*YOUR OBJECTIVE*
Set down every line of the data exactly, skipping the pictures.

*TASK INPUT*
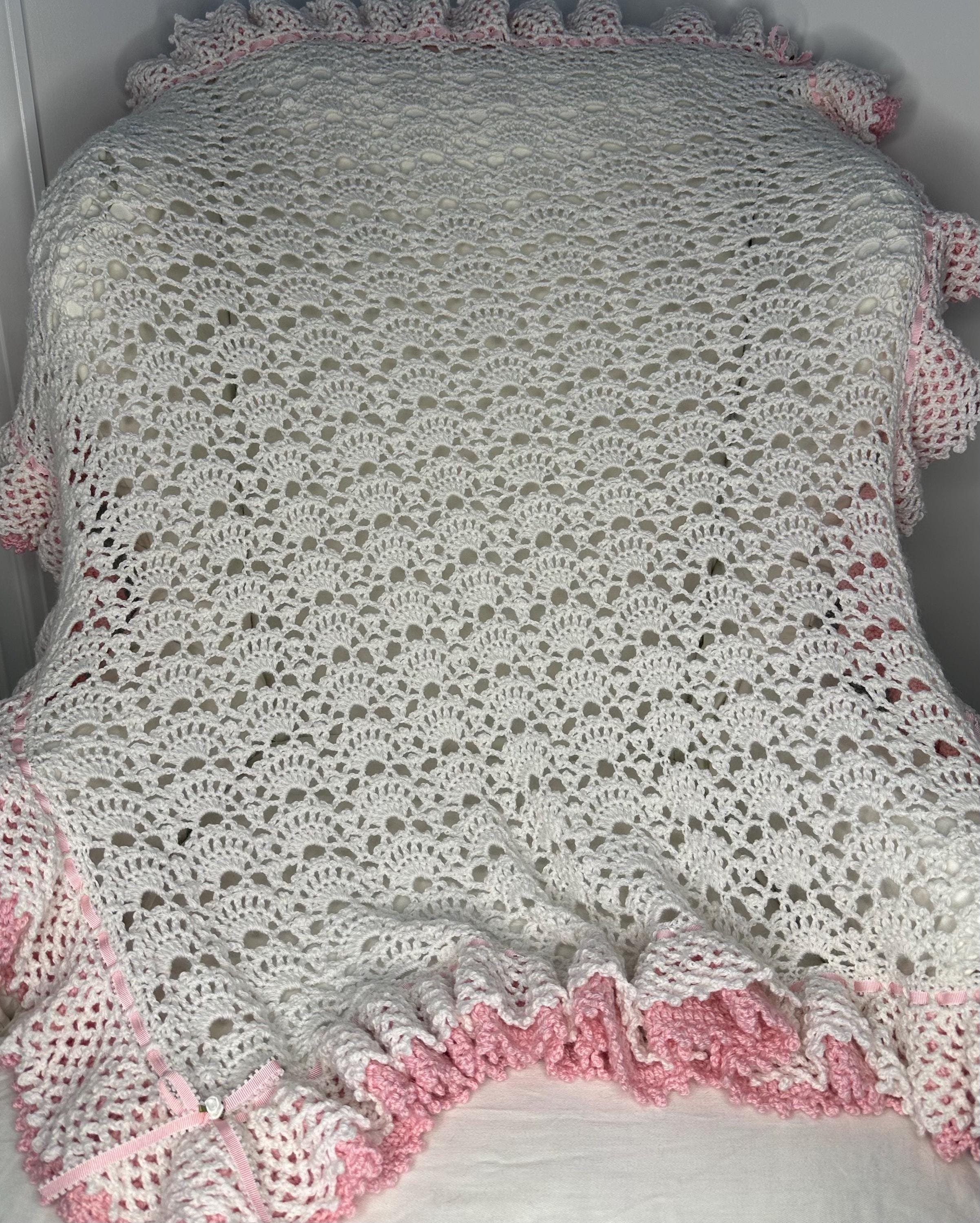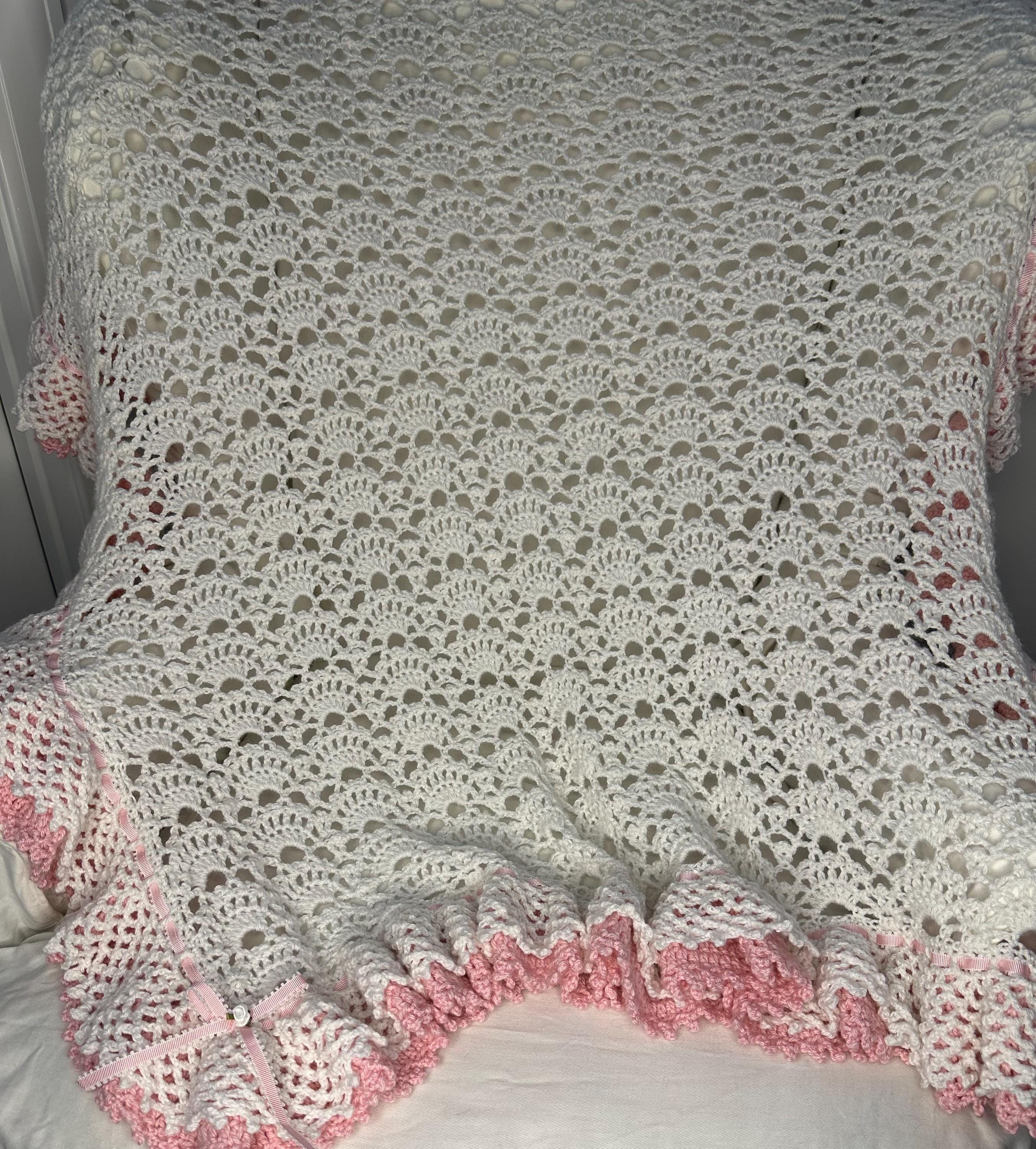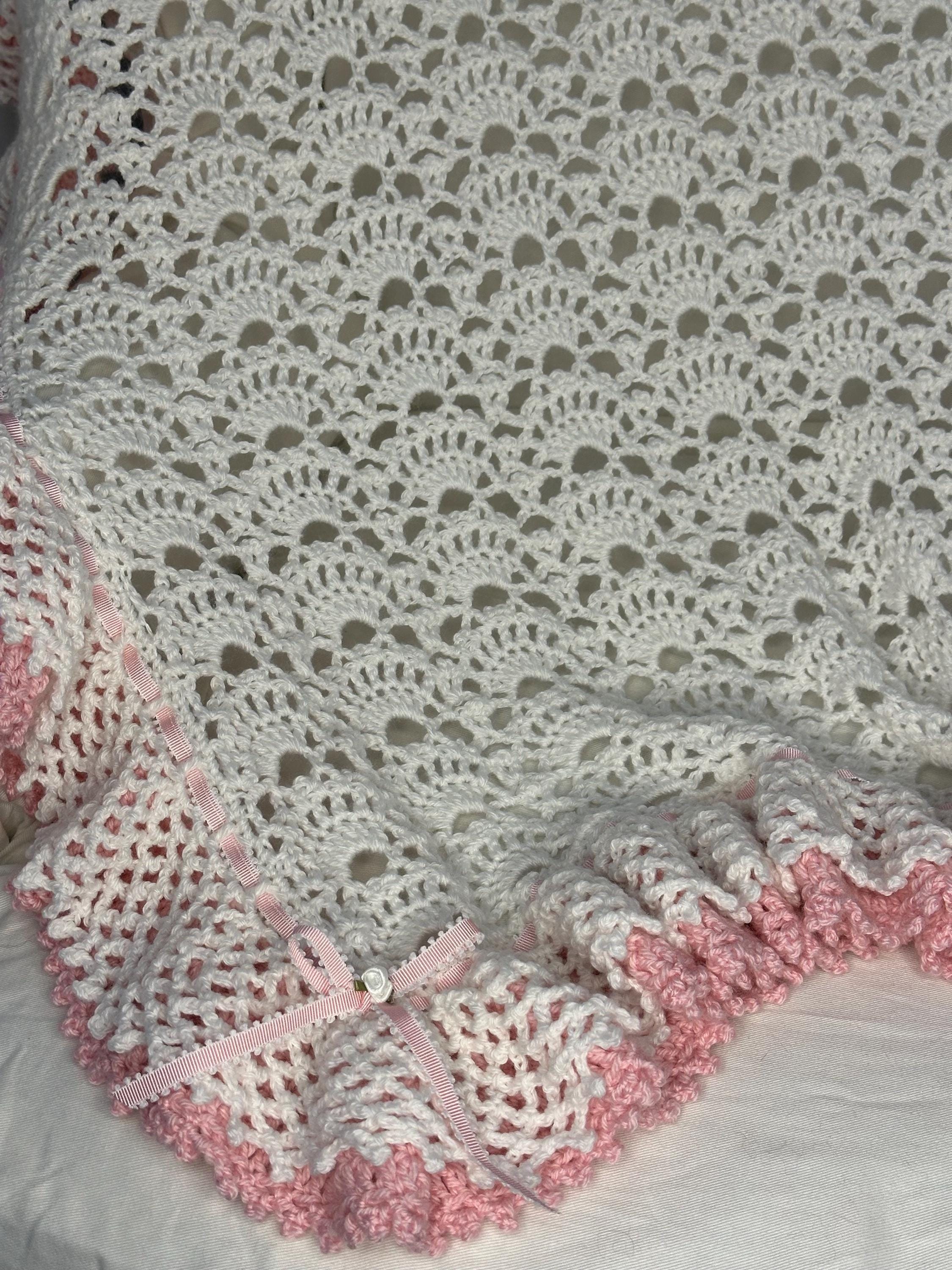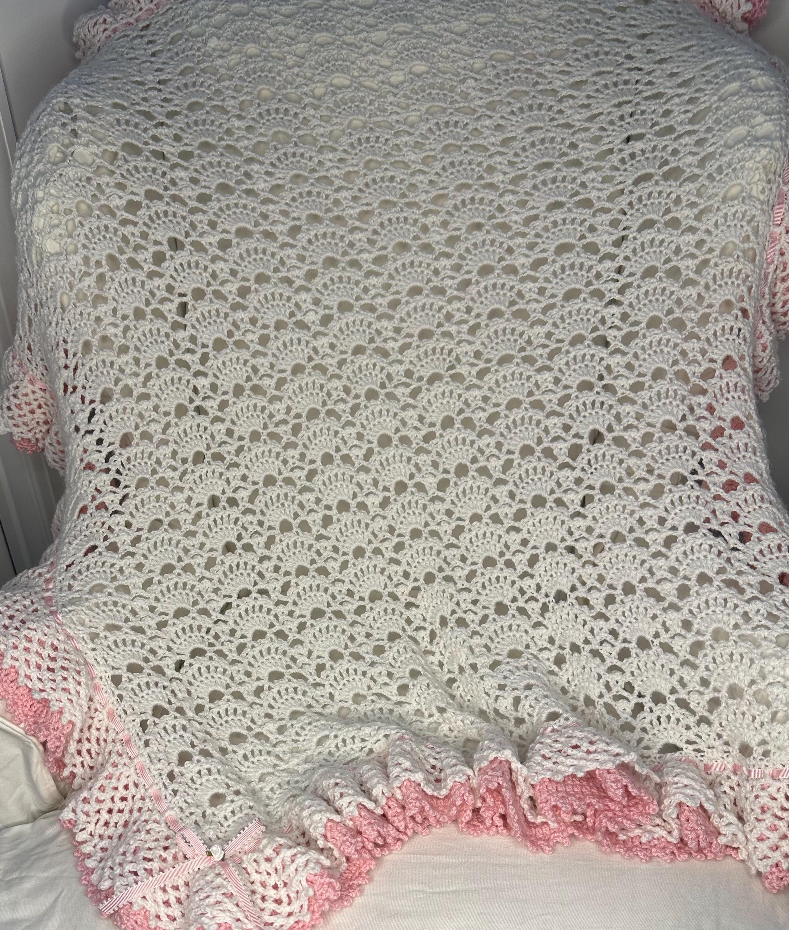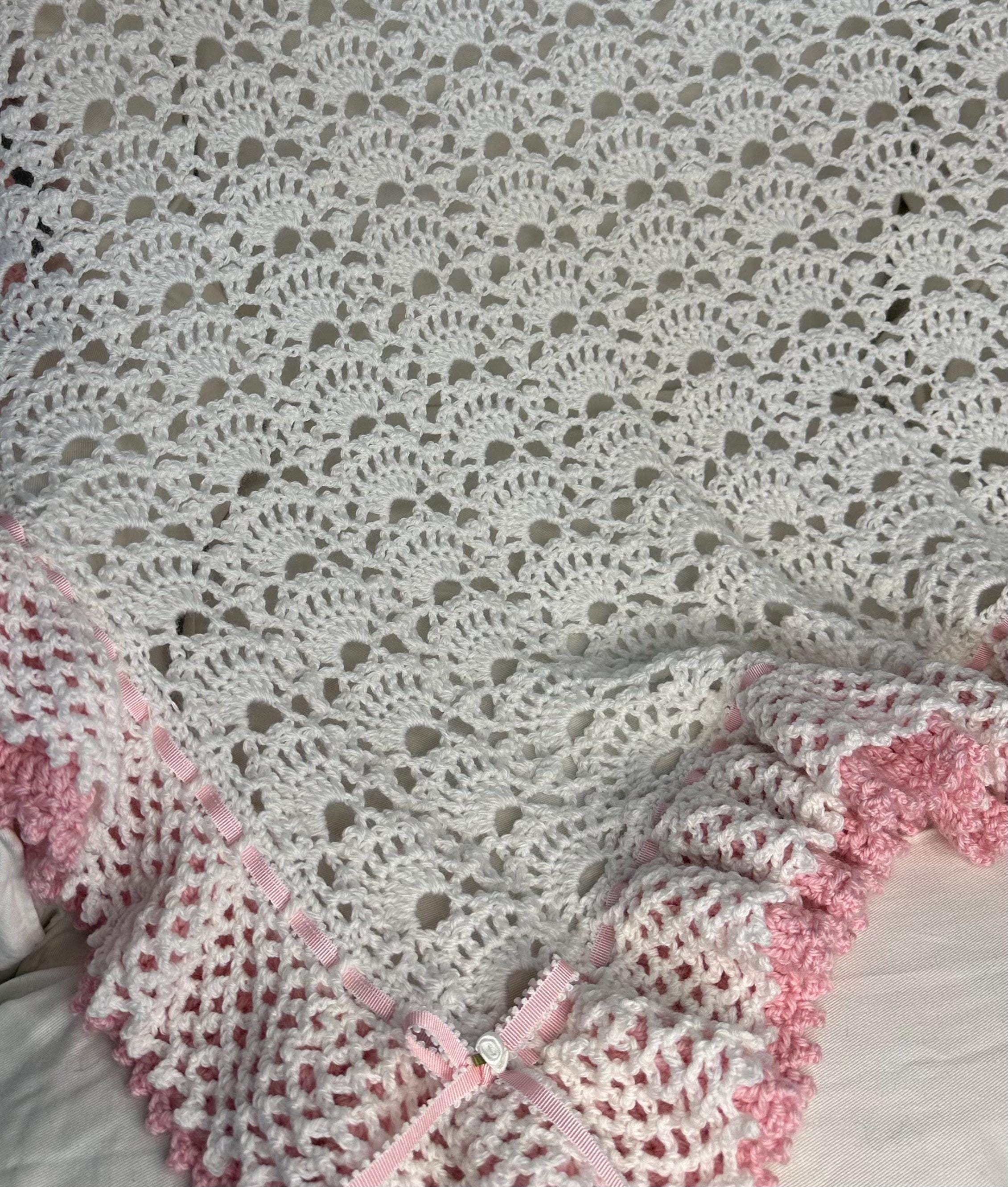 Handmade Crochet double ruffled, fan design baby blanket! White crocheted baby blanket in a beautiful fan pattern with pink satin ribbon lacing and small white rosettes. The upper ruffle is white and the bottom ruffle is a beautiful shade of pink. This blanket takes a week to create due to the extensive full ruffles. Approximately 37 x 39
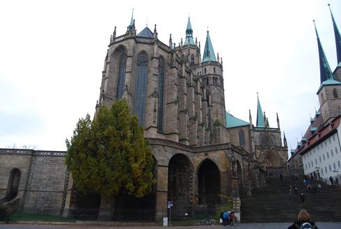 A következő nap első programja Erfurt, ahol Luther az Ágoston-rendi kolostorban élt. A város főterén a hatalmas gótikus katedrális a legszemtelenebb, amellyel csak találkoztam: a városnak a fenekét mutatja, s mintha még vissza is fordulna és kacsintana egyet: na mi van, nem tetszik? Bár alaprajza hagyományos és a főbejárat eredetileg az apszissal szemben van, a domborzati viszonyok miatt azt senki nem használja, így egy új kapu miatt valóban úgy néz ki, mint egy visszaforduló hernyó.
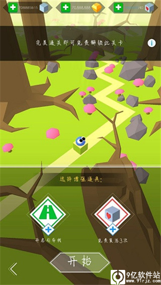 10%这个数字被两排小栅栏夹在一起,如果是第一次玩这个关卡的玩家,我建议是不急着吃第一个钻石,钻石悬浮在河面上,在未知的桥路面下,咱们还是别冒这个险,掌控了整个关卡的大框之后再重新吃也不迟。
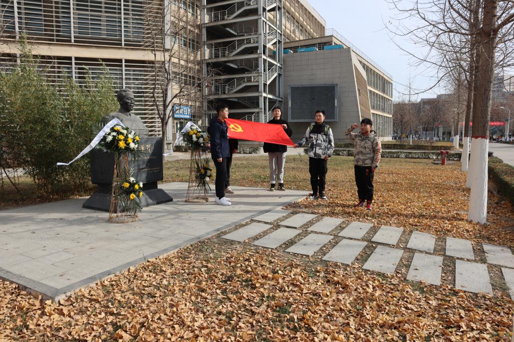 料峭寒风中,英雄雕像傲然独立。20余名师生党员面向吴运铎雕像前肃立致敬。党员们缓步走向吴运铎雕像,代表学院师生敬献花篮,并整理花篮缎带, 向英雄深情鞠躬,垂首默哀。学生党员董嘉宏诵读《把一切献给党》中的“入党”章节,通过重温经典形式深入学习兵工英雄吴运铎同志迎难而上、在党和人民需要的时候挺身而出的优良作风。在英雄雕像前,全体师生党员面对鲜红的党旗,高举右拳重温入党誓词,表达出坚定不移永跟党走的决心,彰显了不惧风雨、勇挑重担,为祖国发展和民族复兴贡献青春蓬勃力量的信念。“作为一名西工学子,能够在兵工英雄诞辰这个特殊的日子里阅读分享红色经典,深入了解吴运铎同志坚守初心、对党和人民极度忠诚的感人故事,极大地激发了我们青年一代坚定理想信念、争做新时代的奋进者、开拓者、奉献者的使命感与责任感。”学生党员贺毓激动地说。支部书记何鹏程表示,青年党员要学习弘扬吴运铎同志始终对党、对祖国、对人民绝对无限忠诚的精神品质,练就过硬本领,进一步传承发扬西工精神,勇担时代使命,将小我融入大我、以青春奉献祖国。
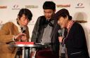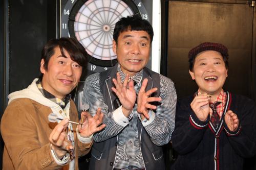 <「ダチョウ倶楽部 スマートフォンアプリリリース プレス発表会」>ダーツ対決に挑んだダチョウ倶楽部の(左から)寺門ジモン、肥後克広、上島竜兵
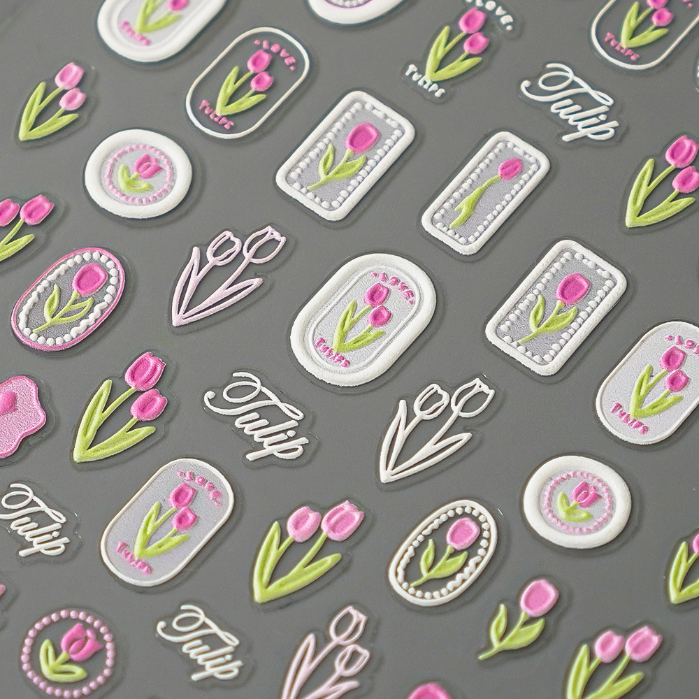 Redanco new 5D relief nail stickers photo frame tulip stereo back glue nail stickers jewelry wholesale

*YOUR RESPONSE*
 Handmade Crochet double ruffled, fan design baby blanket! White crocheted baby blanket in a beautiful fan pattern with pink satin ribbon lacing and small white rosettes. The upper ruffle is white and the bottom ruffle is a beautiful shade of pink. This blanket takes a week to create due to the extensive full ruffles. Approximately 37 x 39
 A következő nap első programja Erfurt, ahol Luther az Ágoston-rendi kolostorban élt. A város főterén a hatalmas gótikus katedrális a legszemtelenebb, amellyel csak találkoztam: a városnak a fenekét mutatja, s mintha még vissza is fordulna és kacsintana egyet: na mi van, nem tetszik? Bár alaprajza hagyományos és a főbejárat eredetileg az apszissal szemben van, a domborzati viszonyok miatt azt senki nem használja, így egy új kapu miatt valóban úgy néz ki, mint egy visszaforduló hernyó.
 10%这个数字被两排小栅栏夹在一起,如果是第一次玩这个关卡的玩家,我建议是不急着吃第一个钻石,钻石悬浮在河面上,在未知的桥路面下,咱们还是别冒这个险,掌控了整个关卡的大框之后再重新吃也不迟。
 料峭寒风中,英雄雕像傲然独立。20余名师生党员面向吴运铎雕像前肃立致敬。党员们缓步走向吴运铎雕像,代表学院师生敬献花篮,并整理花篮缎带, 向英雄深情鞠躬,垂首默哀。学生党员董嘉宏诵读《把一切献给党》中的“入党”章节,通过重温经典形式深入学习兵工英雄吴运铎同志迎难而上、在党和人民需要的时候挺身而出的优良作风。在英雄雕像前,全体师生党员面对鲜红的党旗,高举右拳重温入党誓词,表达出坚定不移永跟党走的决心,彰显了不惧风雨、勇挑重担,为祖国发展和民族复兴贡献青春蓬勃力量的信念。“作为一名西工学子,能够在兵工英雄诞辰这个特殊的日子里阅读分享红色经典,深入了解吴运铎同志坚守初心、对党和人民极度忠诚的感人故事,极大地激发了我们青年一代坚定理想信念、争做新时代的奋进者、开拓者、奉献者的使命感与责任感。”学生党员贺毓激动地说。支部书记何鹏程表示,青年党员要学习弘扬吴运铎同志始终对党、对祖国、对人民绝对无限忠诚的精神品质,练就过硬本领,进一步传承发扬西工精神,勇担时代使命,将小我融入大我、以青春奉献祖国。
 <「ダチョウ倶楽部 スマートフォンアプリリリース プレス発表会」>ダーツ対決に挑んだダチョウ倶楽部の(左から)寺門ジモン、肥後克広、上島竜兵
 Redanco new 5D relief nail stickers photo frame tulip stereo back glue nail stickers jewelry wholesale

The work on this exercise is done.